Content starts

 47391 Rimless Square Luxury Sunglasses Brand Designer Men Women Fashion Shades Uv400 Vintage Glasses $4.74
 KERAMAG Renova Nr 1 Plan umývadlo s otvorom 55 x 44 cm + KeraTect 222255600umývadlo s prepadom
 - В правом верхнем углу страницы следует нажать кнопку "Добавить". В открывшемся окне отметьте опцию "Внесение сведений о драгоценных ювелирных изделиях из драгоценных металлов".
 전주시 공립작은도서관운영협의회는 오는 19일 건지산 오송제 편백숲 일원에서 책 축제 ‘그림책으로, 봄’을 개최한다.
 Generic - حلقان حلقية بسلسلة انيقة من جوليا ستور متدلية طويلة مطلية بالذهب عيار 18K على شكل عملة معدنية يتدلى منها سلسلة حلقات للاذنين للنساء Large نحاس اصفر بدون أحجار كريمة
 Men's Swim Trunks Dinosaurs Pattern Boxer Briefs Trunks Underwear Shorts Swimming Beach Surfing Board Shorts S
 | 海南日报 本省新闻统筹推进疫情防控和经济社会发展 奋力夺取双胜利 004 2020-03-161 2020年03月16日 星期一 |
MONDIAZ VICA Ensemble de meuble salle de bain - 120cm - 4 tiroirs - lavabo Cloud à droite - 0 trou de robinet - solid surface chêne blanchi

Content ends

### ACTIVITY
Return the data exactly, every line included.

### ANSWER BOX
 47391 Rimless Square Luxury Sunglasses Brand Designer Men Women Fashion Shades Uv400 Vintage Glasses $4.74
 KERAMAG Renova Nr 1 Plan umývadlo s otvorom 55 x 44 cm + KeraTect 222255600umývadlo s prepadom
 - В правом верхнем углу страницы следует нажать кнопку "Добавить". В открывшемся окне отметьте опцию "Внесение сведений о драгоценных ювелирных изделиях из драгоценных металлов".
 전주시 공립작은도서관운영협의회는 오는 19일 건지산 오송제 편백숲 일원에서 책 축제 ‘그림책으로, 봄’을 개최한다.
 Generic - حلقان حلقية بسلسلة انيقة من جوليا ستور متدلية طويلة مطلية بالذهب عيار 18K على شكل عملة معدنية يتدلى منها سلسلة حلقات للاذنين للنساء Large نحاس اصفر بدون أحجار كريمة
 Men's Swim Trunks Dinosaurs Pattern Boxer Briefs Trunks Underwear Shorts Swimming Beach Surfing Board Shorts S
 | 海南日报 本省新闻统筹推进疫情防控和经济社会发展 奋力夺取双胜利 004 2020-03-161 2020年03月16日 星期一 |
MONDIAZ VICA Ensemble de meuble salle de bain - 120cm - 4 tiroirs - lavabo Cloud à droite - 0 trou de robinet - solid surface chêne blanchi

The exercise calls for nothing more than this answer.